John Birambi testified that he declined the Toekajana’s recruitment because of his “philosophical belief and also, [his] religious belief,” (A.R. at 150), and not because of any particular political opinion; indeed he never claimed that he had ever directly or indirectly expressed a political opinion to the group. See, e.g., Tecun-Florian, 207 F.3d at 1109 (denying asylum where petitioner offered no compelling evidence that guerrillas’ actions were based on any knowledge of their political opinion); Sangha v. INS, 103 F.3d 1482, 1487-1490 (9th Cir.1997) (denying petition for review because petitioner failed to establish that he had a political opinion or that his persecutors imputed his father’s opinion to him).

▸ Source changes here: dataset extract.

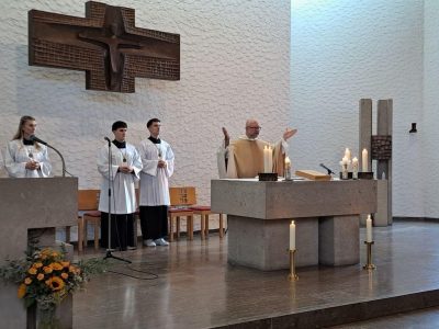 St. Kolumban war am Sonntag, 12.10. bis auf den letzten Platz besetzt: Zahlreiche Gemeindemitglieder aus der ganzen Seelsorgeeinheit und geladene Gäste waren gekommen, um die feierliche Investitur des neuen Pfarrers Tobias Freff mitzuerleben und mitzufeiern. Im Gottesdienst wurde spürbar: Hier beginnt ein neuer Abschnitt, mit viel Schwung, guter Laune und Herzlichkeit.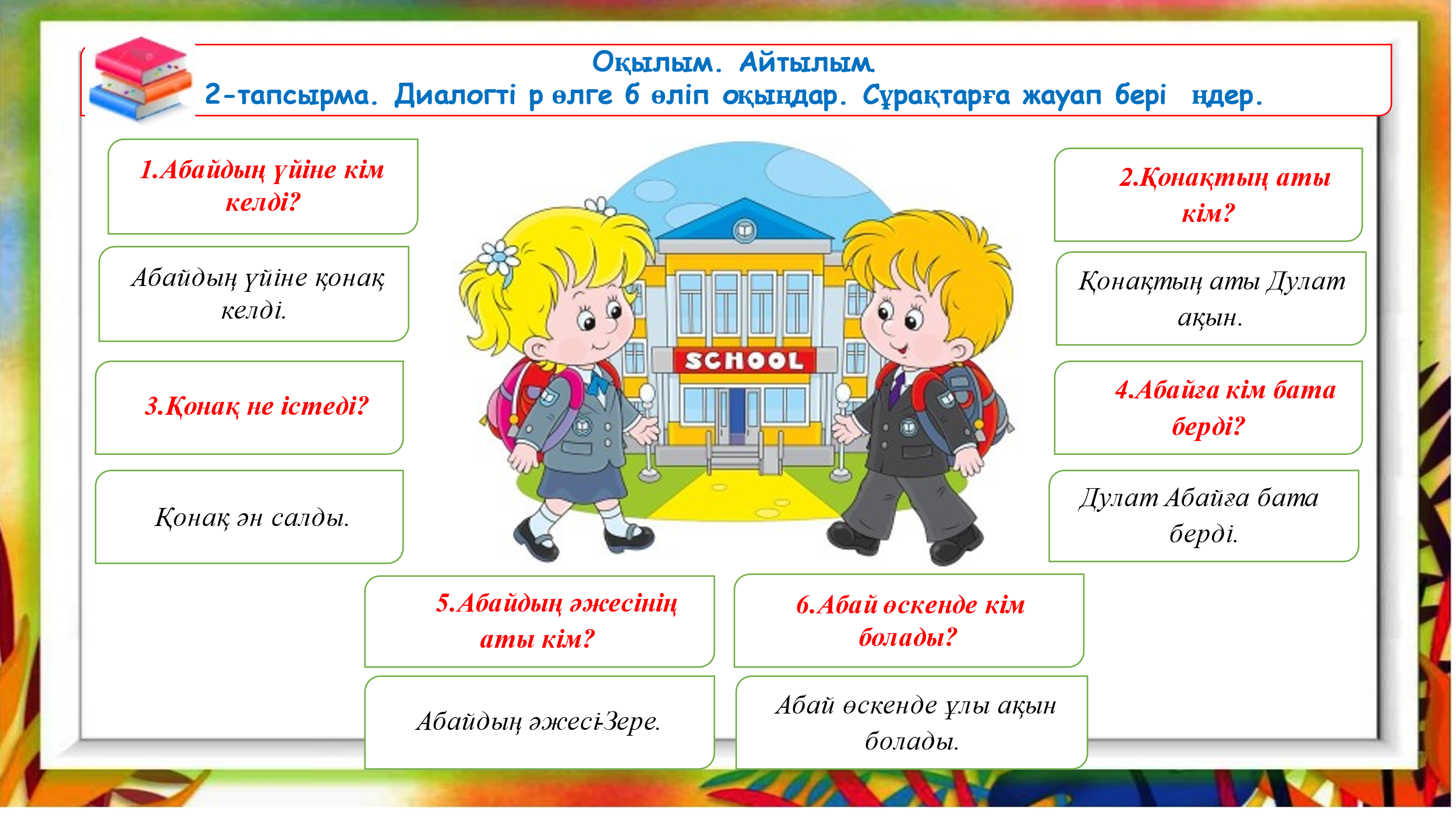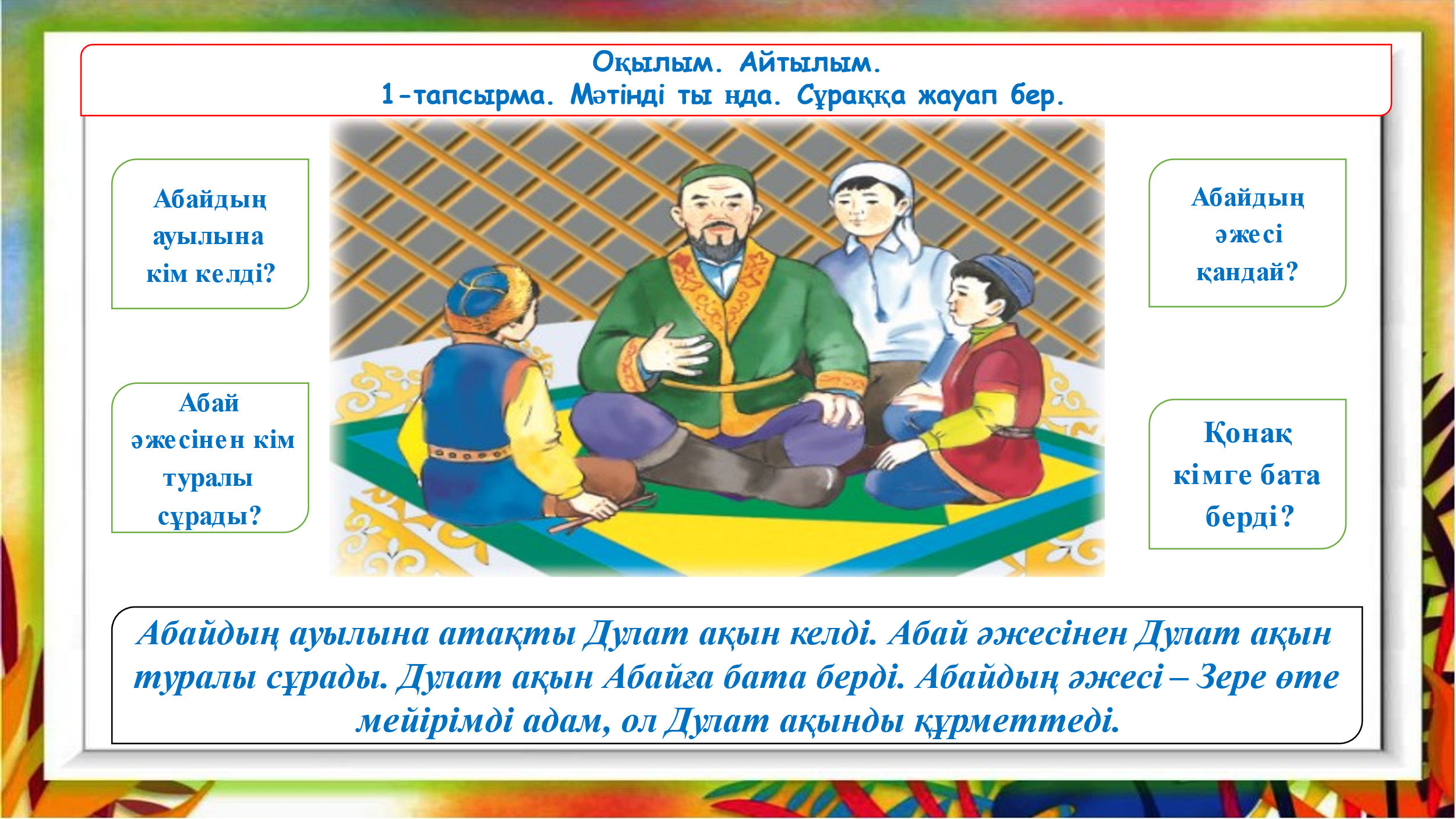 Тыңдалым. Оқушылардың тыңдау қабілетін, қазақша сөйлеуді қабылдау дағдысын дамыту мақсатында мәтін бірнеше рет тыңдалады. Тыңдалым мәтіні: Абайдың ауылына атақты Дулат ақын келді. Абай әжесінен Дулат ақын туралы сұрады. Дулат ақын Абайға бата берді. Абайдың әжесі – Зере өте мейірімді адам, ол Дулат ақынды құрметтеді.

Persecution “on account of’ political opinion means that, even if John Birambi could point to evidence in this record that he had a political opinion, which he cannot, he “still has to establish that the record also compels the conclusion that he has a ‘well-founded fear’ that the guerillas will persecute him because of that political opinion, rather than because of his refusal to fight with them.” Elias-Zacarias, 502 U.S. at 483, 112 S.Ct. 812. John Birambi testified that rather than directly refusing he simply told the Toekajana that he would “think about” its recruitment offer, without giving it any reason. (A.R. at 150.) The record contains no evidence that they retaliated against him or even tried to recruit him again.

John Birambi’s claim fails because of the absence of evidence sufficient to compel the finding that the Toekajana would be motivated by his political opinion to persecute him if he were to return to Suriname.